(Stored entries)
▬▬▬▬▬▬
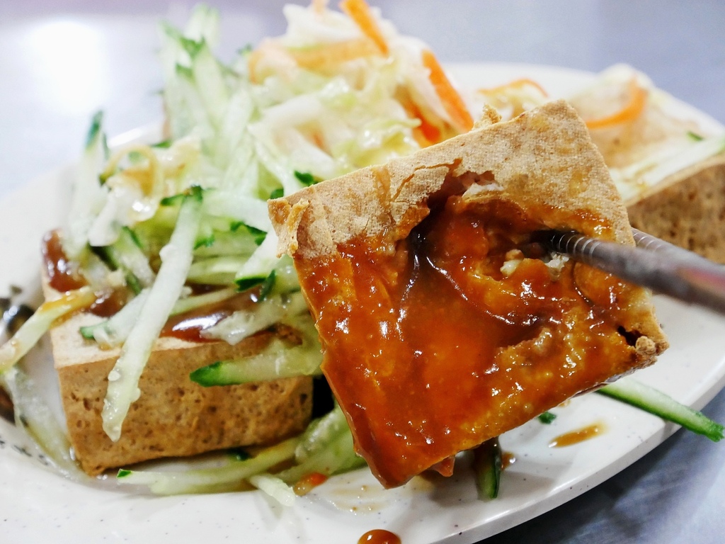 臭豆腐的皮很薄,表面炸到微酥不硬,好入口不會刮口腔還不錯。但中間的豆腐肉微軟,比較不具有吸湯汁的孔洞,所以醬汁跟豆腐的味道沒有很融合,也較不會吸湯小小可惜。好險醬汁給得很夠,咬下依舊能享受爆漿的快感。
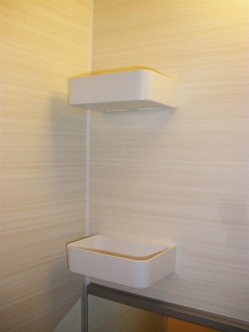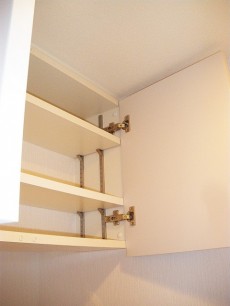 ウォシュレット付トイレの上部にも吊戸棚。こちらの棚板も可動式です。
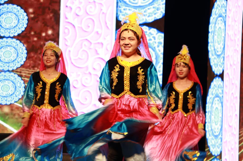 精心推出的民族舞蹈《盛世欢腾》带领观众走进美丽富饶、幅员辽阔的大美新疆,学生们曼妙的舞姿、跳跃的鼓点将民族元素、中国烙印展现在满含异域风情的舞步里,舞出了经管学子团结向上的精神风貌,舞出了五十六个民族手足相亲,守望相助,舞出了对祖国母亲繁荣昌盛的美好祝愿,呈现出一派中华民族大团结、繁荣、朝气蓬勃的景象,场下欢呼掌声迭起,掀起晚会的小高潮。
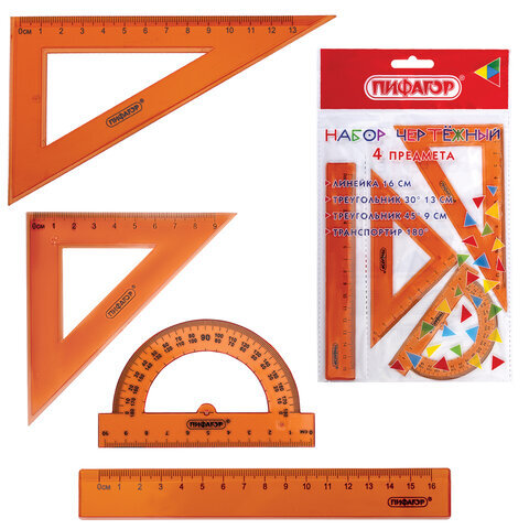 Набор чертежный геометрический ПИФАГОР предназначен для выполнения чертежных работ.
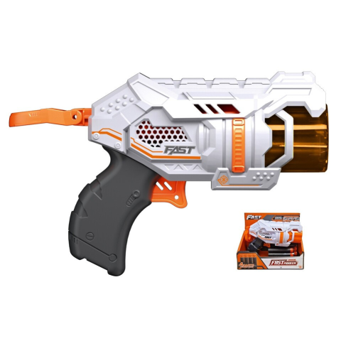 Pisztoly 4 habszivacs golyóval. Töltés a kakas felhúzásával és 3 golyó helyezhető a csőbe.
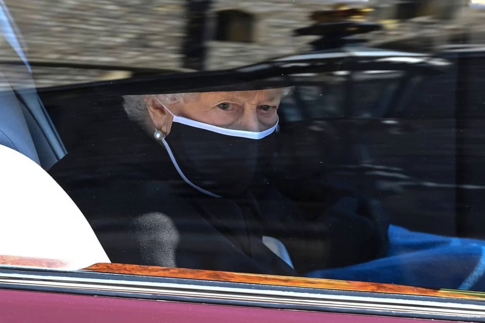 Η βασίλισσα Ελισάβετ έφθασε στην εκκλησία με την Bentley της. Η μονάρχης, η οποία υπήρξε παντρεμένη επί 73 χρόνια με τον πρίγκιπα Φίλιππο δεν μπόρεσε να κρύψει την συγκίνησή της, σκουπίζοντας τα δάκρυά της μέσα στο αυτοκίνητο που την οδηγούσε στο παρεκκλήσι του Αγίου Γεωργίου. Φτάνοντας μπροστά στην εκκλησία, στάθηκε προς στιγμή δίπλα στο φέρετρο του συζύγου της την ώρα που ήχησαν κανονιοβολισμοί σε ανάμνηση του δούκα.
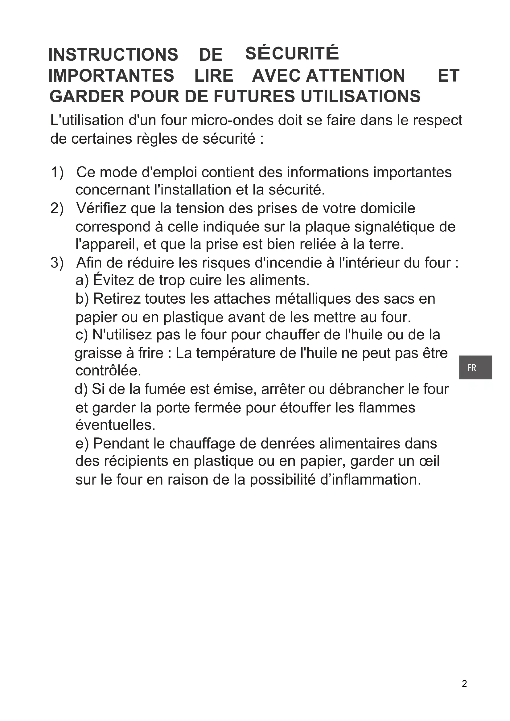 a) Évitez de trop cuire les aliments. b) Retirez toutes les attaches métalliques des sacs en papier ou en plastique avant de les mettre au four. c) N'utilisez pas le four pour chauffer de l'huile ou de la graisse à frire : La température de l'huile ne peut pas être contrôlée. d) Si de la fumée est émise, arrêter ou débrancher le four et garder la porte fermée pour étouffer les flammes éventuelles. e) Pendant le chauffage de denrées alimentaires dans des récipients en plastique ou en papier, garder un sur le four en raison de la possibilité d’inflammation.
▬▬▬▬▬▬
EXERCISE GOAL:
Only the lines from where the data begins to the line with "Η βασίλισσα Ελισάβετ", both of them included, should be reproduced word for word; no pictures.

FINISHED TASK:
 臭豆腐的皮很薄,表面炸到微酥不硬,好入口不會刮口腔還不錯。但中間的豆腐肉微軟,比較不具有吸湯汁的孔洞,所以醬汁跟豆腐的味道沒有很融合,也較不會吸湯小小可惜。好險醬汁給得很夠,咬下依舊能享受爆漿的快感。
 ウォシュレット付トイレの上部にも吊戸棚。こちらの棚板も可動式です。
 精心推出的民族舞蹈《盛世欢腾》带领观众走进美丽富饶、幅员辽阔的大美新疆,学生们曼妙的舞姿、跳跃的鼓点将民族元素、中国烙印展现在满含异域风情的舞步里,舞出了经管学子团结向上的精神风貌,舞出了五十六个民族手足相亲,守望相助,舞出了对祖国母亲繁荣昌盛的美好祝愿,呈现出一派中华民族大团结、繁荣、朝气蓬勃的景象,场下欢呼掌声迭起,掀起晚会的小高潮。
 Набор чертежный геометрический ПИФАГОР предназначен для выполнения чертежных работ.
 Pisztoly 4 habszivacs golyóval. Töltés a kakas felhúzásával és 3 golyó helyezhető a csőbe.
 Η βασίλισσα Ελισάβετ έφθασε στην εκκλησία με την Bentley της. Η μονάρχης, η οποία υπήρξε παντρεμένη επί 73 χρόνια με τον πρίγκιπα Φίλιππο δεν μπόρεσε να κρύψει την συγκίνησή της, σκουπίζοντας τα δάκρυά της μέσα στο αυτοκίνητο που την οδηγούσε στο παρεκκλήσι του Αγίου Γεωργίου. Φτάνοντας μπροστά στην εκκλησία, στάθηκε προς στιγμή δίπλα στο φέρετρο του συζύγου της την ώρα που ήχησαν κανονιοβολισμοί σε ανάμνηση του δούκα.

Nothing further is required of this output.